We filtered low-quality sites in parental and born-child genomes (see above) and multiallelic sites and sites corresponding to a Mendelian error in the sequence data from each family to form a set of ‘high-confidence sites’ that were used to assess coverage and accuracy. We compared predicted embryo genotype calls (derived from reconstruction) with variants called by sequencing of the born child’s DNA.

We annotated high-confidence sites with population allele frequencies from the gnomAD v2.1 dataset, which is composed of approximately 15,000 whole genomes and 125,000 exomes derived from seven populations (African, Latino, Ashkenazi Jewish, East Asian, European, South Asian and other). Variants with an allele frequency <0.1% or not present in the gnomAD database were considered rare.

Polygenic risk models

UKB population

To validate each model independently from the original publication of the PRS, we used genetic and disease information from the ~500,000 individuals in the UKB cohort. For model validation purposes, we separated participants into four groups by self-reported ancestry (field code 21,000; White, Black, East Asian (Chinese) or South Asian) and computed model performance and PRS effect size separately for each group.

Phenotype definitions

We used a combination of ICD-9 and ICD-10 codes, self-reported diseases and procedure codes to define each phenotype of interest. A detailed description for all phenotypes is in Supplemental Table 2.

Polygenic models

We prioritized previously published polygenic models for each condition of interest which have been tested on at least 1,000 individuals from a broad population (Supplemental Table 4). To validate each model independently from the original publication, we used genetic and disease information from the ~500,000 individuals in the UKB cohort. Variants in the published models that did not have genotype data in the UKB were excluded. Effect sizes (log-transformed ORs) for the remaining variants were taken from the original publication (summarized in Supplemental Table 4). PRSs were calculated as a weighted sum of disease-associated genotypes.

PRS effect size

We computed PRS for each individual in the UKB and standardized the score as discussed below. We computed an OR per standard deviation of the risk score using a logistic regression that includes the normalized PRS, age and sex (for breast cancer, prostate cancer and coronary artery disease). We used a variety of metrics, including area under the curve and ORs per decile to evaluate the performance of each model. Models that passed internal quality of area under the curve ≥0.6, increase in OR per PRS decile and an OR ≥ 2 between top and bottom PRS deciles were used in this study. Model performance across deciles can be seen in Extended Data Fig. 3.

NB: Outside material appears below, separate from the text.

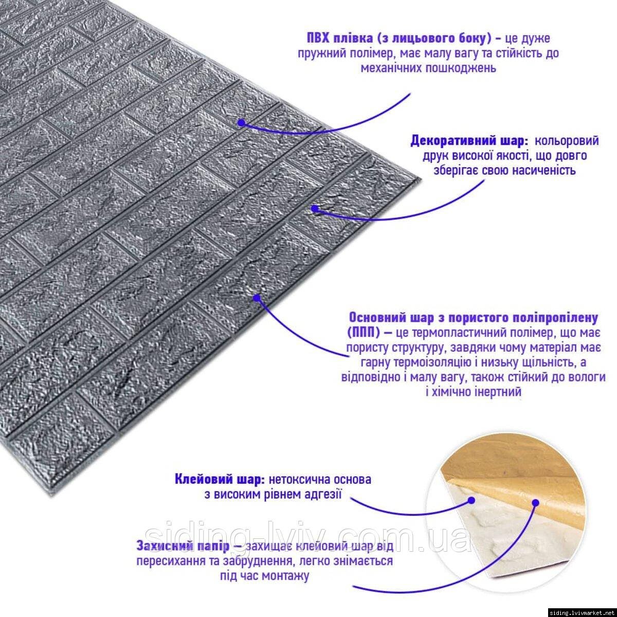 Самоклеюча 3D панель під срібну цеглу в рулоні 19600x700x3мм

Centering and standardization

To standardize and center PRS to a distribution with approximately zero mean and unit variance, we modified the approach described in Khera et al.²¹. First, we computed principal components (PCs) for individuals in the UKB by projecting their genotypes onto PCs calculated on individuals in the 1000 Genomes Project. We next centered the PRS by subtracting out the PRS value predicted from a linear regression of PRS against the first four PC scores in control individuals (i.e., individuals without the phenotype of interest). This centered PRS was then divided by the standard deviation of the 1000 Genomes Project population most closely related to each individual. Normalized and centered PRSs across multiple ancestries can be seen in Extended Data Fig. 9. PRS scoring in individuals with Ashkenazi Jewish ancestry involved a modified centering process discussed in Supplemental Note 4.

Extended Data Fig. 9 — Polygenic risk scores before (left) and after (right) centering and standardization for 5 populations within the UK Biobank. Standardized PRS scores have approximately zero mean and unit variance in each population.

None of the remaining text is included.